I'm using Stanford NLP to do POS tagging for Spanish texts. I can get a POS Tag for each word but I notice that I am only given the first four sections of the Ancora tag and it's missing the last three sections for person, number and gender.
Why does Stanford NLP only use a reduced version of the Ancora tag?
Is it possible to get the entire tag using Stanford NLP?
Here is my code (please excuse the jruby...):
props = java.util.Properties.new()
props.put("tokenize.language", "es")
props.put("annotators", "tokenize, ssplit, pos, lemma, ner, parse")
props.put("ner.model", "edu/stanford/nlp/models/ner/spanish.ancora.distsim.s512.crf.ser.gz")
props.put("pos.model", "/stanford-postagger-full-2015-01-30/models/spanish-distsim.tagger")

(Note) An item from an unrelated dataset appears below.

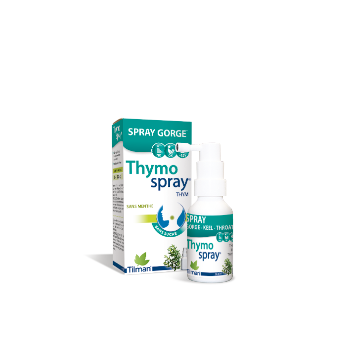 Thymo Spray ist ein Spray mit Thymian für den Hals . Thymian wird wegen seiner wohltuenden und beruhigenden Wirkung auf den Halsgeschätzt.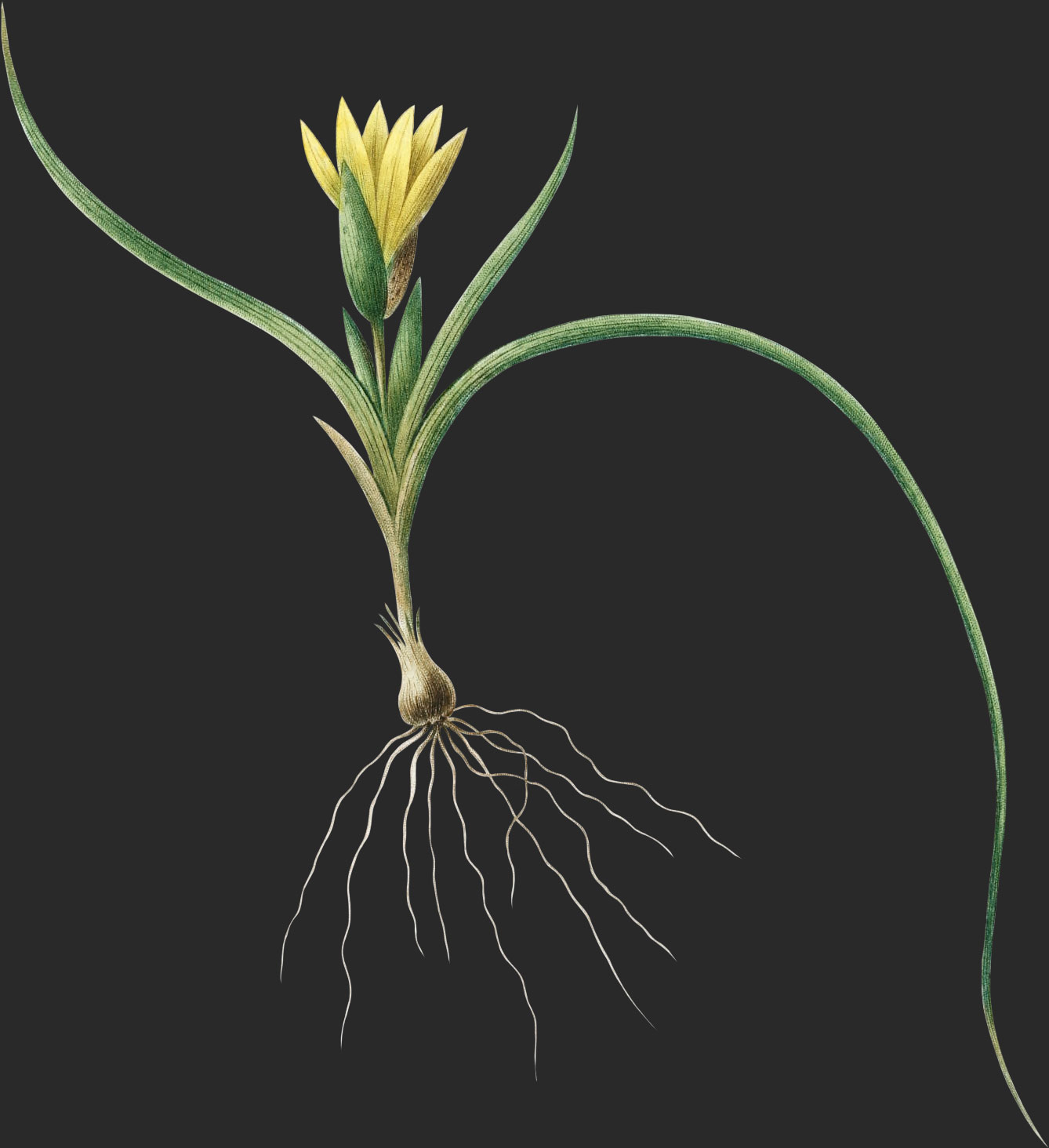 Cette plante appartient à la section du genre Ixia, qui est caractérisée par les étamines, dont les filaments sont pubescents ou velus, et par les stigmates divisés en deux lanières, section frès-naturelle, dont M. Gawler a fait un genre distinet sous le nom de Trichonema. C’est probablement une des espèces que Thunberg a regardées comme des variétés de l’Ixia bulbocode, mais on ne peut la rapporter à aucune de celles dont les auteurs plus récents ont donné la description. Sa bulbe est couverte d’une tunique brune, d’apparence cornée, très-lisse, presque entière. Ses feuilles, les unes radicales, les autres caulinaires, sont courbées en gouttière à leur base, et comprimées en forme de glaive dans leur partie supérieure. Linférieure, ou les deux inférieures, sont fortement arquées sur le dos, et deux ou trois fois plus longues que la tige. Les supérieures sont droites et plus courtes. Sa tige, dont la hauteur varie de deux à huit centimètres, envoie inférieurement quelques rameaux ou pédoncules alternes, simples ou réunis deux à deux, au-dessus desquels elle est nue, triangulaire et munie sur deux de ses angles d’un rebord membraneux, brun, étroit et finement dentelé. Les rameaux, qui sont en général très-courts, et qu’on peut regarder comme de simples pédoneules, sont également nus et triangulaires. Les fleurs sont terminales, solitaires, assez grandes, d’un jaune verdâtre, entourées par une spathe à deux valves presque opposées, lancéolées, concaves, un peu obtuses, dont la supérieure est membraneuse sur les bords, et marquée de stries ou ponctuations brunes et nombreuses. Les segments du périgone sont lancéolés, pointus, peu étalés, et deux fois plus longs que les étamines. Celles-ci ont leurs filaments velus à la base. Les anthères sont très-grandes. Lovaire est ovoïde, un peu anguleux. Il supporte un style un peu plus court que les étamines, terminé par trois stigmates, divisés chacun en deux lanières filiformes fort courtes. Nous n’avons pas vu le fruit.

props.put("parse.model", "edu/stanford/nlp/models/lexparser/spanishPCFG.ser.gz")
pipeline = StanfordCoreNLP.new(props)
annotation = Annotation.new("No sé qué estoy haciendo. Me pregunto si esto va a funcionar.")
I am getting this as the output:
[Text=No CharacterOffsetBegin=0 CharacterOffsetEnd=2 PartOfSpeech=rn Lemma=no NamedEntityTag=O] [Text=sé CharacterOffsetBegin=3 CharacterOffsetEnd=5 PartOfSpeech=vmip000 Lemma=sé NamedEntityTag=O] [Text=qué CharacterOffsetBegin=6 CharacterOffsetEnd=9 PartOfSpeech=pt000000 Lemma=qué NamedEntityTag=O] [Text=estoy CharacterOffsetBegin=10 CharacterOffsetEnd=15 PartOfSpeech=vmip000 Lemma=estoy NamedEntityTag=O] [Text=haciendo CharacterOffsetBegin=16 CharacterOffsetEnd=24 PartOfSpeech=vmg0000 Lemma=haciendo NamedEntityTag=O] [Text=. CharacterOffsetBegin=24 CharacterOffsetEnd=25 PartOfSpeech=fp Lemma=. NamedEntityTag=O]
(I notice that the lemmas are incorrect also, but that's probably an issue for a separate question. Nevermind, I see that Stanford NLP does not support Spanish lemmatization.)